Féminicides : « Il y a encore un long travail »

Le cortège est parti de la province Sud vers 10 heures samedi 27 janvier, direction le Congrès, où il a été reçu par une délégation d’élus, puis le gouvernement, avant de terminer place de la Paix pour un repas partagé. (© A.-C.P.)

Entre 200 et 300 personnes ont défilé de la province Sud jusqu’à la place de la Paix, à Nouméa, pour dire « stop » aux féminicides et accompagner les familles endeuillées, à l’appel du nouveau collectif Cris et pleurs de femmes, samedi 27 janvier.

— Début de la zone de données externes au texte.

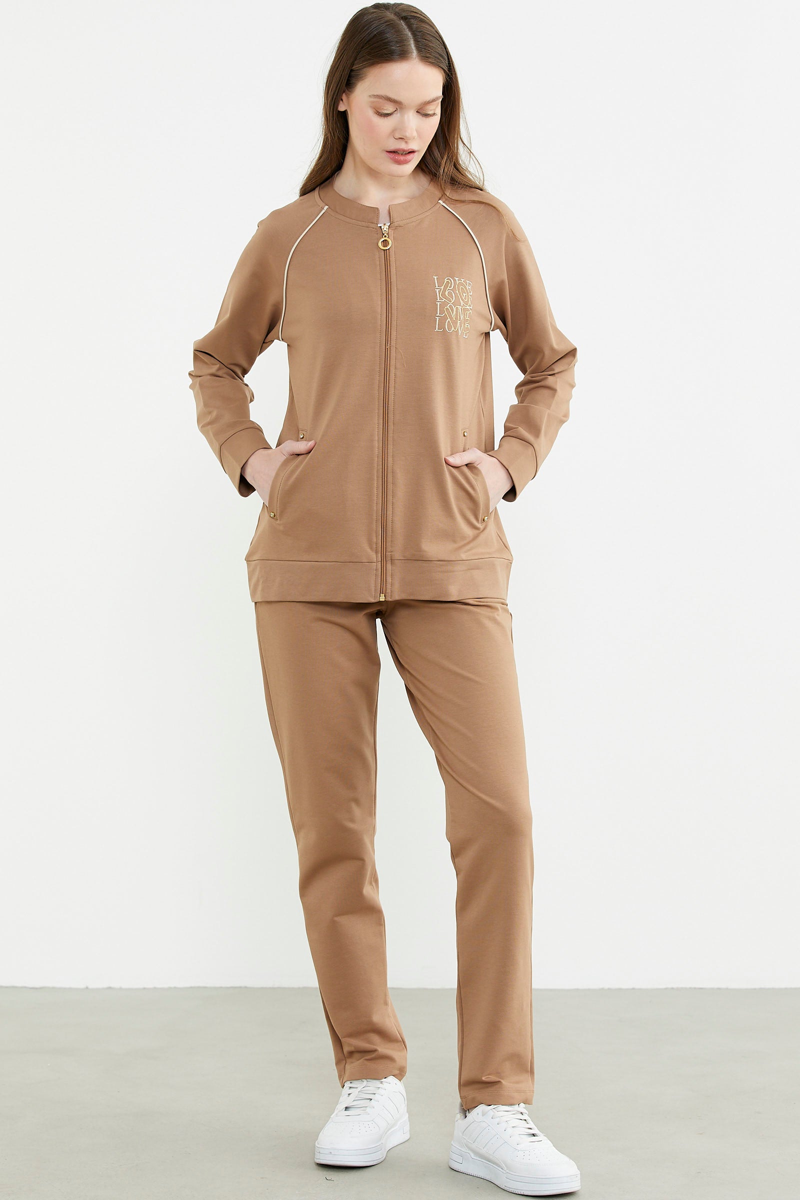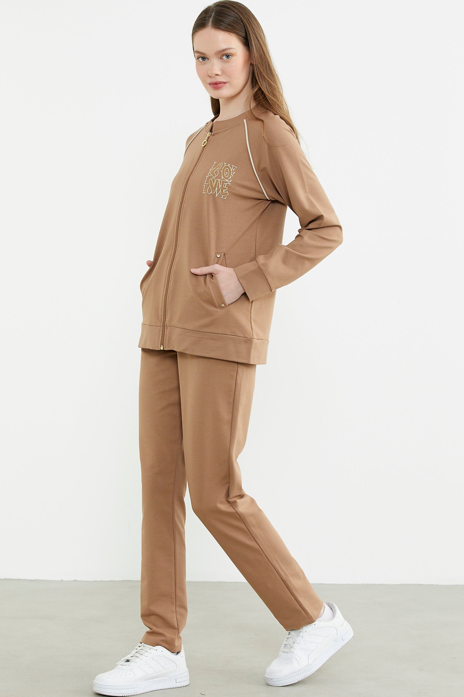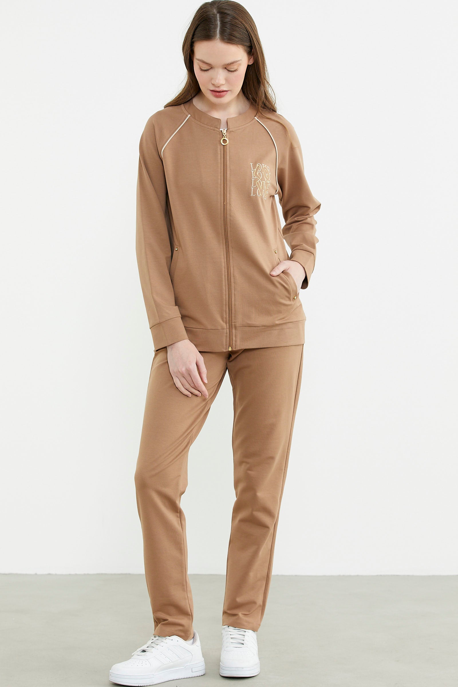 Biye Detaylı Fermuarlı Eşofman Takım - Kamel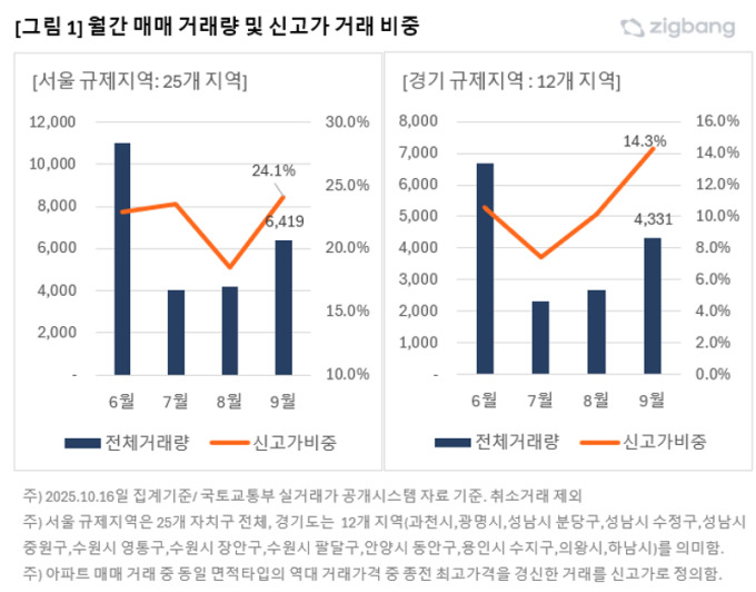 서울 내부에서도 규제지역과 핵심 입지를 중심으로 한 회복세가 뚜렷했다. 9월 기준 기존 규제지역인 서초구는 신고가 비중이 54%로 가장 높았고, 강남구 42%, 용산구 35%, 송파구 32%를 기록했다.

C’est l’histoire d’un long calvaire que raconte Thierry. Celui de sa belle-sœur, Maureen, 29 ans. Torturée, abusée, tuée. Par les coups de son conjoint dans la nuit du 11 au 12 février 2019 à Houaïlou. « Maureen se faisait fouetter », « battre avec une planche munie de clous », « Marcel lui avait demandé de manger dans la gamelle du chien », « de se mettre nue pour aller demander des cigarettes au cousin ». Corinne, Angélique, Ashley, Cindy, Jacinthe, « achevée à coups de guitare électrique », rappelle Yvette Danguigny, représentante de Cris et pleurs de femmes. Jusqu’à Lucie Fatauli Porempoea, cette mère de trois enfants battue à mort par son compagnon le 1er janvier.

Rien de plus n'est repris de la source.